Something strange has occurred. Today, I was possessed with such an urge as I could not rationalize; as if in a

dream, I returned to the scaffold, the site of Hester’s ignominy. As I stood upon it, I realized that no matter how long I stayed, there was little chance of anyone finding me; there was no penitence to be had for me upon this scaffold. But soon I found myself slipping into delusion; after all, I was already in a trace-like state. I thought I carried upon my breast a token such as Hester’s; a scarlet “A”. This nightmarish perception frightened me so that I shrieked aloud; surely, there could have been no one that did not hear my piercing cry, for I think it must have shattered the peace of the early morning both far and wide. However, no one came, to my relief; I would not be discovered. As I stood upon the scaffold, Wilson, coming from the Governor’s deathbed, soon passed me; he nearly saw me, but he soon continued on his way, past the scaffold and back home.
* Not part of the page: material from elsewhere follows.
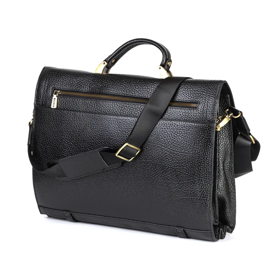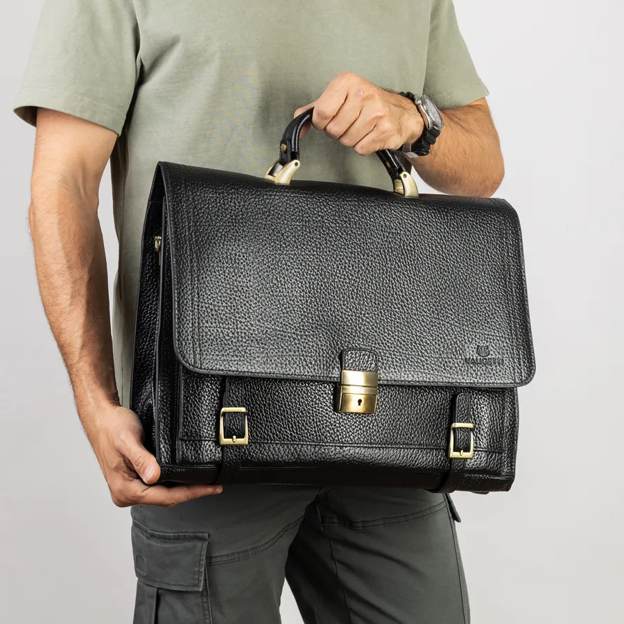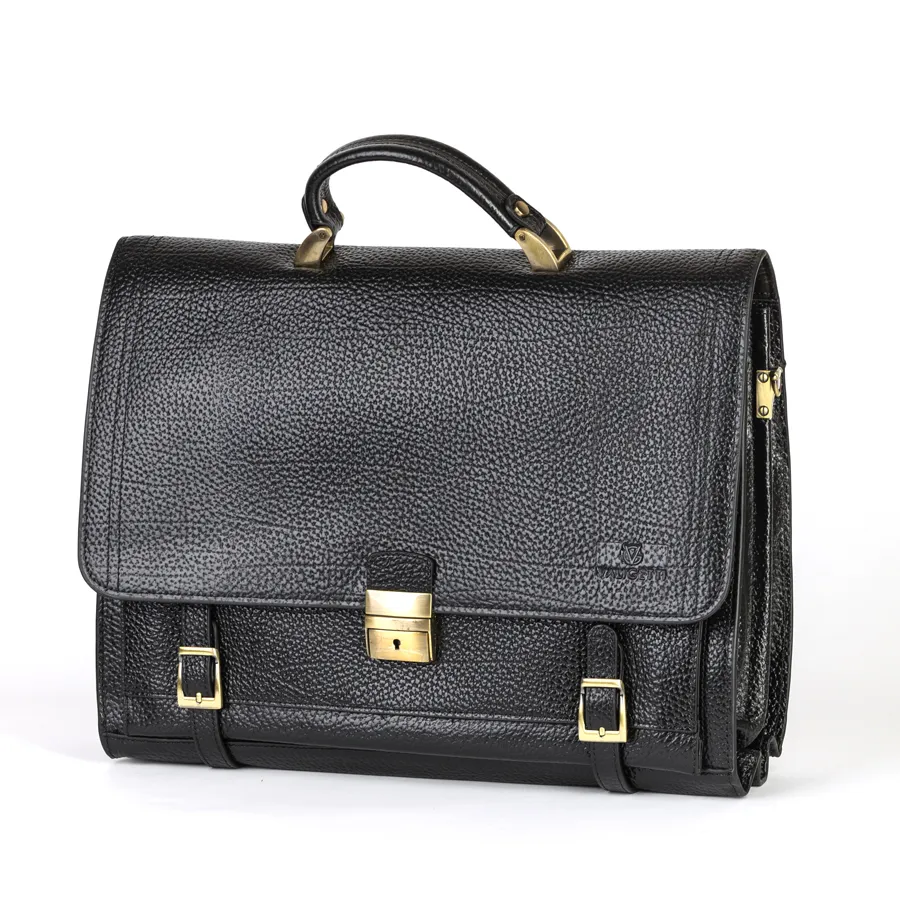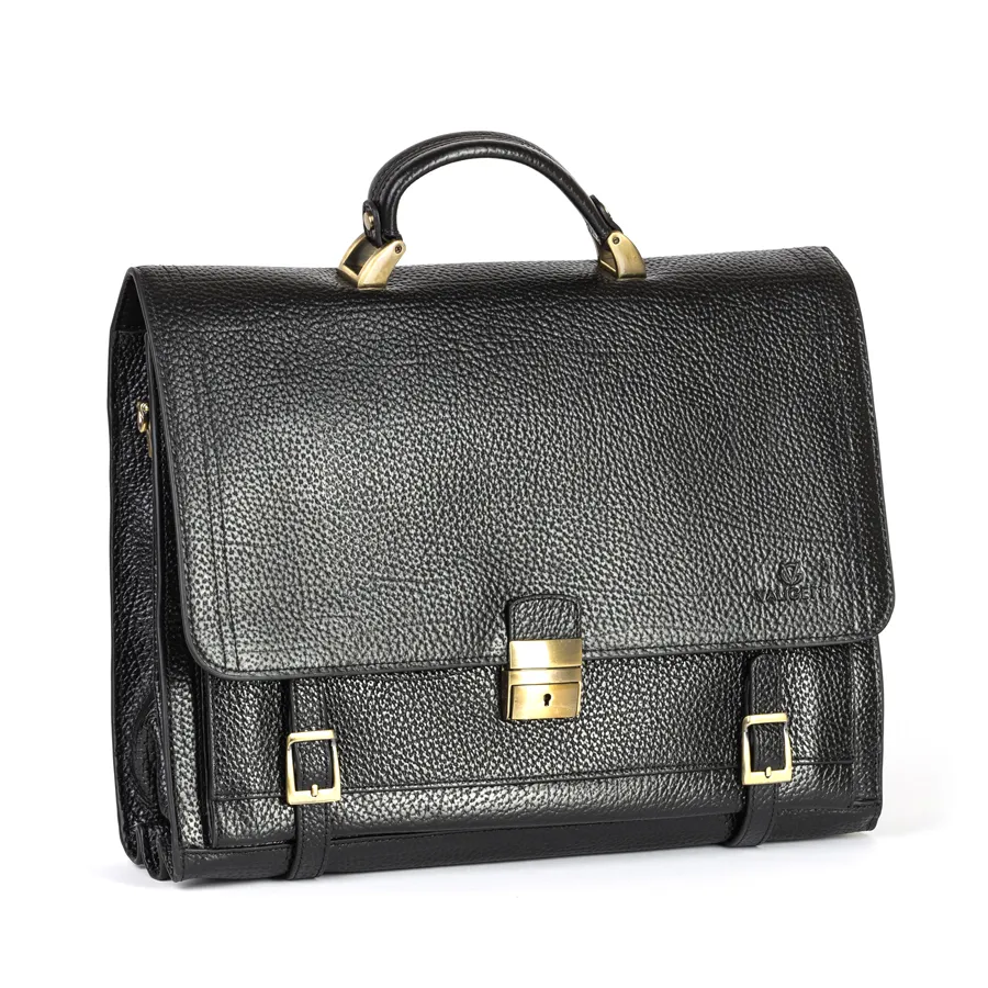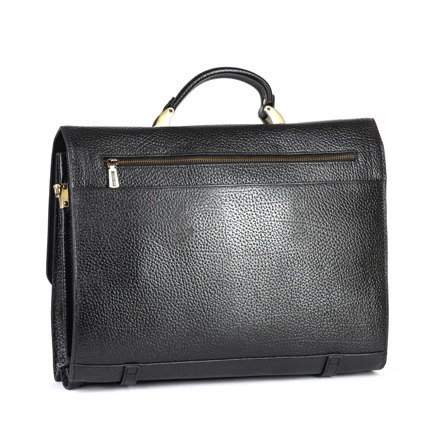 Портфель от торговой марки Valigetti из натуральной кожи черного цвета. Модель с одной ручкой, съемным регулируемым плечевым ремнем, выполненным из текстильного материала. Клапан на одном замке закрывает отделение, один вместительный накладной кармана без застежки, карман на молнии. В отделении: фирменная подкладка, карман на молнии, перегородка-средник. На задней стороне – карман на молнии.

I stayed on the scaffold for some time, though I cannot determine why; perhaps I thought to make penance, as Hester had; but if so, it was poor penance, as no one saw me there (though I imagined what would have occurred if they had; no doubt, the scene would have been worth observing). No one, that is, but Hester herself, and Pearl as well. For as I stood upon the scaffold, they passed me, also having visited the governor’s deathbed, and I called to them. Pearl and Hester soon joined me on the

scaffold; I cannot help but think that this is how I should have met them when first Hester scaled the platform. Then several things happened that I could not explain. Pearl, with her uncanny instinct for asking astoundingly appropriate questions, asked if I would join them on the scaffold in daylight. How did she know that I could not do such a thing; that this was my one fear? I replied in the best way that I could; I would expose my sin on the judgment day. She seems to understand more than any child should… But in any case, what happened next was even stranger, and as uncanny. For in the sky appeared a meteor, which carved out a red “A”. This is a more obvious sign than any other; our crime is meant to be displayed before our fellow men. God in heaven will make it so! The last incident of the early morn was the sighting of Chillingworth, who I seem to be unable to hide anything from. He saw us together on the platform, and I think that he realized what it meant; he is no fool. He is horrifying, and I am sure now that he is truly set against me, for he has become malevolent in his practices. Hester seemed to know him; I implored that she reveal his true nature to me, but for some reason she could not. Oh, why does he torment me?